Binden Goddard's Last Hope
“Caenis” is de latijnse naam voor een wijdverspreide groep zeer kleine eendagsvliegen die zowel in rvieren als stilstaand water voorkomen. Als deze vliegjes zich ontpoppen (“hatchen”), op warme zomeravonden, gebeurt dit in gedurende een korte periode, en deze hatch is massaal.
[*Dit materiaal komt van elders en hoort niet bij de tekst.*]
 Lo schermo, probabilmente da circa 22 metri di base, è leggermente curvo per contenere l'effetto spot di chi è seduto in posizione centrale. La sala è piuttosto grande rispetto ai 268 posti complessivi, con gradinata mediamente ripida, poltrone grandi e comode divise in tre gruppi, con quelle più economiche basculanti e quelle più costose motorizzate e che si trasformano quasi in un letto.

Ze ontpoppen razendsnel, en doorlopen de transformatie van pop via “dun” naar “spinner” in slechts een paar minuten tijd. En, slechts enkele minuten later hebben de “dun’s” gepaard en strijken de vrouwtjes op het water neer om hun eitjes af te zetten. Het water kan dan vol zitten met ontpoppende en eierleggende caenis. Op zo’n moment worden forellen zeer selectief en slurpen de vliegjes met verschillende tegelijk naar binnen.
Door de witgrijze kleur van die vliegjes, en de bijna onmogelijke opgave om een goede imitatie te vinden, en daarmee vis te vangen, terwijl overal forellen aan het azen zijn, werden deze vliegjes in de oudere hengelsport literatuur de “witte vloek” of de “hengelaars vloek” (“white curse” of “angler’s curse”) genoemd.
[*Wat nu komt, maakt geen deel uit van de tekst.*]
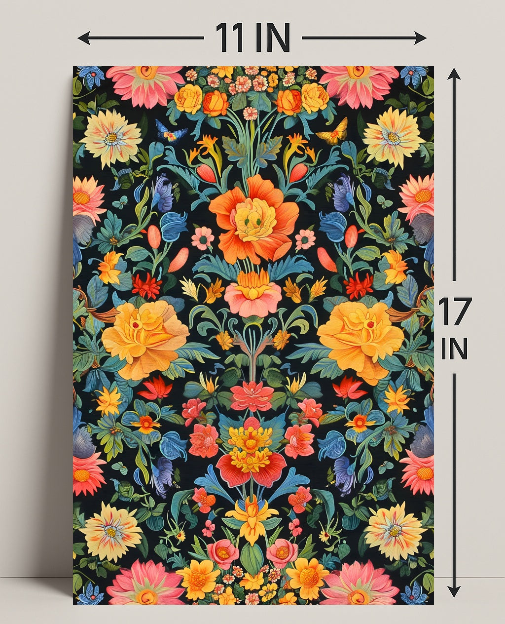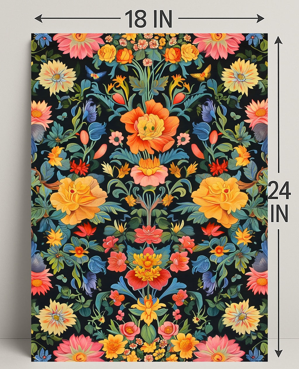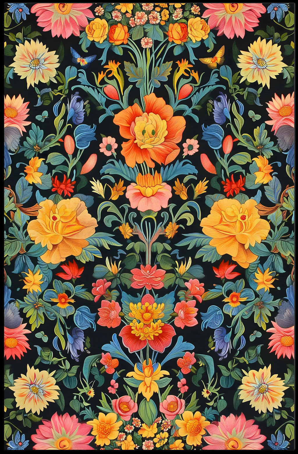 Bring the timeless beauty of classic textile design into your home with the Vibrant Floral Tapestry William Morris Art Poster from PosterGoat. This richly detailed wall art captures a lush, symmetrical bouquet of blossoms rendered in jewel-bright tones against a deep, dramatic background—perfect for adding warmth and personality to living rooms, bedrooms, or hallway galleries.

John Goddard, een bekende Britse entomoloog, vliegvisser en vliegbinder, heeft een vliegje ontwikkeld dat bij de omschreven “hatches” enig succes kan boeken. Hij heeft dit vliegje, dat hij oorspronkelijk ontwikkelde als imitatie van een ander eendagsvliegje (de zgn. “Pale Watery”), de “Last Hope” genoemd.
Het bindpatroon
In het originele bindpatroon van Goddard’s Last Hope wordt een zgn up-eyed droge haak gebruikt (een haakje met het oogje naar boven gebogen); een hakensoort die je tegenwoordig vrijwel niet meer kunt vinden. Gelukkig had Ad van Lith nog een paar van die haakjes liggen, zodat ik een origineel haakje voor het onderstaande bindpatroon kon gebruiken.
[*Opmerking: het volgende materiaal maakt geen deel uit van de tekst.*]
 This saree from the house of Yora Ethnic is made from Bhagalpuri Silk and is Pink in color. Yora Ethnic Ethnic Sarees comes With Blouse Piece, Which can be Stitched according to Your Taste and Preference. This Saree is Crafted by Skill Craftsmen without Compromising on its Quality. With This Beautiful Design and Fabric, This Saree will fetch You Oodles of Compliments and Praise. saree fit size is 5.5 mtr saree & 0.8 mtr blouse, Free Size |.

Voor het bindpatroon heb ik de beschrijving gebruikt die te vinden is in het boekje “50 Favourite Dry Flies” van Donald T. Overfield.
Nb. Er zijn nog wel enkele up-eyed droge vliegen haken te koop: Partridge L3B; Daiichi 1330; Gamakatsu S10U.
1. Het haakje moet fijn van draad zijn en zo’n 5 - 7mm lang (haakmaat 17/18). Zet lichtgeel binddraad op en windt het met dicht tegen elkaar liggende slagen naar de haakbocht.
2. Bind nu, als staart, minstens zes fibers in van een “honey dun” (honingkleurige) hanenhackle. Restant wegknippen.
Nb. Het mannelijke insect (Caenis) heeft een lange staart, het vrouwelijke een korte; ca. 1½ haaklengte is een goede staartlengte.
3. Bind vervolgens een paar fibers in van een lichtgrijze ganzenveer.
Goddard gebruikte veren van een Noorse gans; maar anderen bevelen Condor- (nu beschermd), of Reigerveren aan. Ik heb grijze ganzenveren gebruikt, die je tegenwoordig overal langs de waterkant kunt vinden.
4. “Twist” de fibers en wikkel ze naar voren. Zo maak je een mooi egaal lijfje. Laat ruimte over voor de hackle en het kopje, en bindt de fibers af. Restant wegknippen.
5. Zoek een crême- of “honey-dun” (honingkleurige) hackle, met stijve, korte fibers (korter dan je normaal zou gebruiken) en bind deze in.
6. Wikkel een mooi dicht hacklekransje en bind af. Knip het restant af en maak een mooi kopje. Whip-finishen, aflakken, en klaar is de Goddard’s Last Hope.